Where the Cavalry Draw shows up today is when a right-handed shooter finds it feels comfortable to carry in the small of the back using a left-handed holster with the butt of their gun canted toward their strong side. 

They draw with the back of their hand toward their body during the draw and inadvertently sweep the muzzle across their body as they bring the gun to bear on their target. 

Look, we all know you just can’t afford to point the gun at yourself during the draw, especially during the stress of defending yourself for real. 

Time after time, police officers and civilians have pulled the trigger early and fired a shot in their holster, into their leg, their foot, the floor in front of them.  The mind is screaming “Shoot! Shoot!” and the trigger finger wants to obey. 

It’s not unusual to see bullet holes in the floor or carpet walking up to the target when examining the scene of the shooting afterwards. I’ve seen it myself. 

If you pull the trigger early while inadvertently sweeping your body with the muzzle, it’ll just ruin your whole day.

Bottom line?  Avoid unintended injury by carrying your pistol in a way that eliminates an accident while drawing.

Do this instead: if you want to carry near the small of your back, offset it slightly toward the strong side (away from your spine) and use a holster that requires a normal draw – a draw with your palm facing your body instead of away from it. 
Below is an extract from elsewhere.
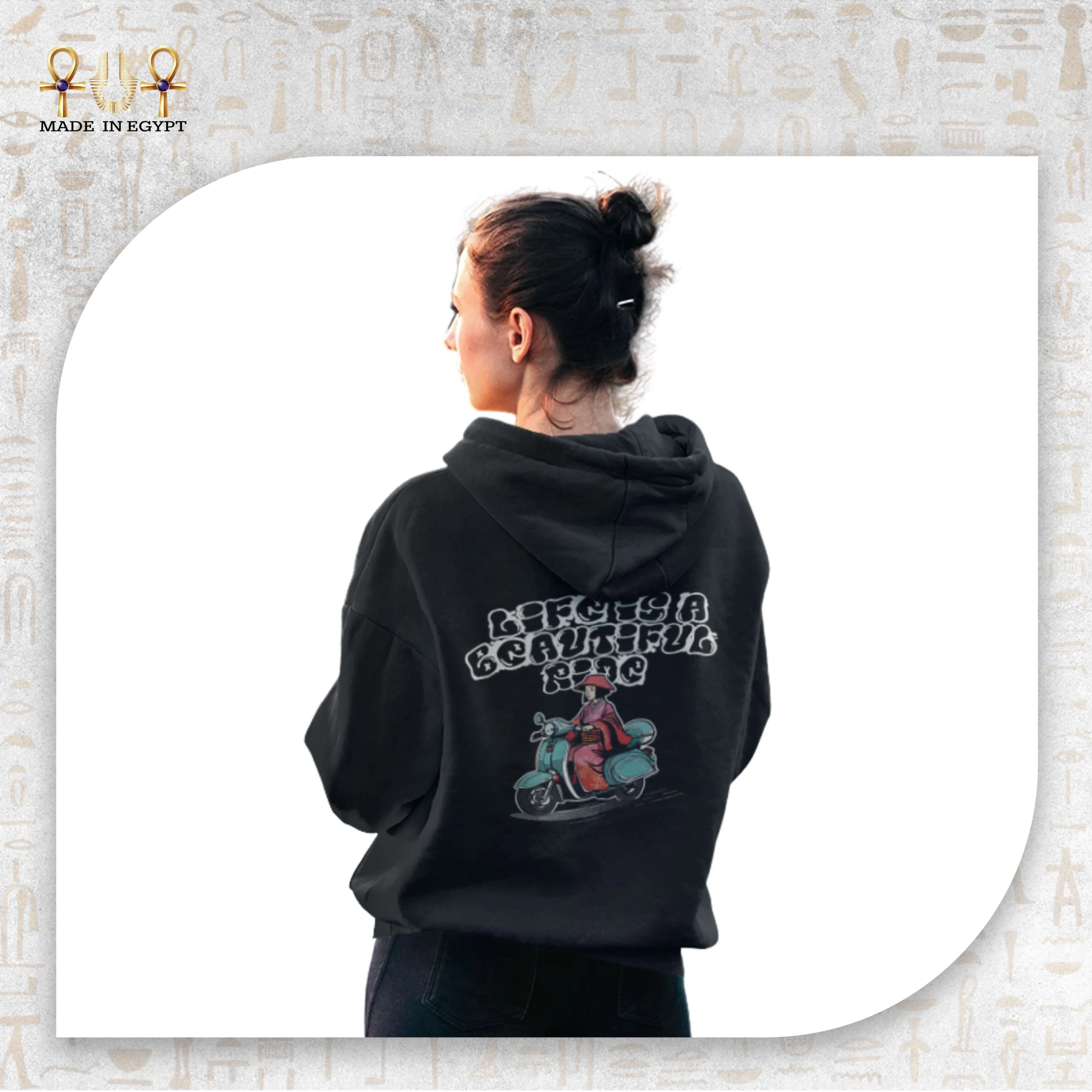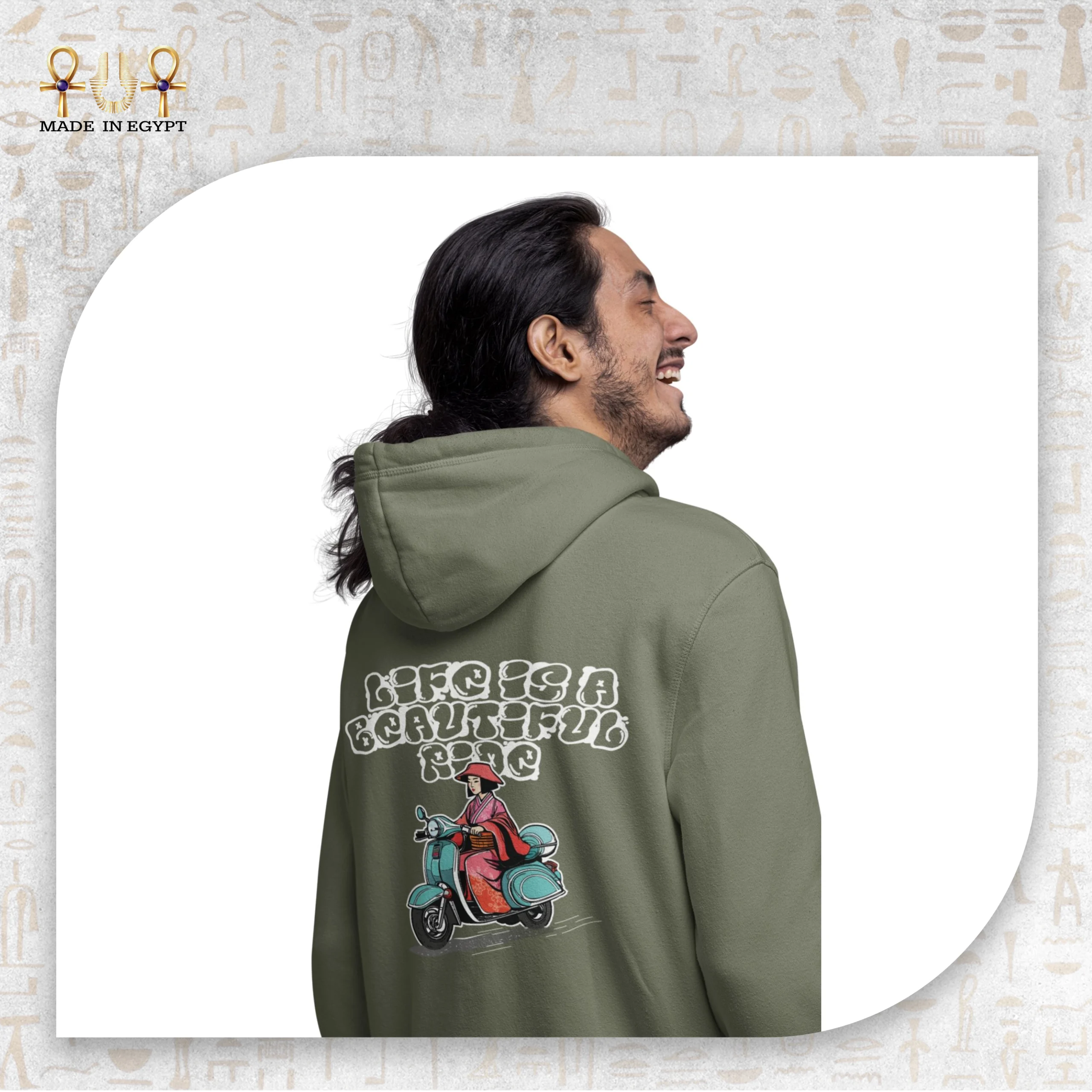 Proudly Made in Egypt, the Beautiful Ride Hoodie embodies thoughtful craftsmanship and a feel-good philosophy. It’s more than a hoodie — it’s a wearable reminder to smile, live lightly, and enjoy the journey.

One Response to “How The Deadly Cavalry Draw Will Hurt You”

  1. David Grasse Says:

    The cavalry (or twist or plains or reverse draw) is only practical with a single-action revolver (especially with a barrel over 6 inches).
    The plus side of the cavalry draw are these:
    1. The gun cannot be slipped out of the holster from behind by another (the holster is also canted slightly forward)
    2. If your strong arm is disabled, it may be used as a cross draw with the off-hand.
    3. With longer barrel lengths, standard draws are impractical
    4. Easy to draw in a seated position (especially in a chair with a back)
    Contrary to popular opinion, though you do sweep the gun (single-action revolver) across the body in drawing, it is not cocked until it is forward of the body, making it a perfectly safe draw. And, with practice, one can become fairly proficient and fast in this motion.
    Of course, the most famous cavalry/twist draw was James Butler “Wild Bill” Hickock, who carried to Navy Colts (7.5 inch barrels) in this fashion. As he is considered one of the best of the Old West shootist, I am inclined to think he knew what he was doing carrying them in this manner.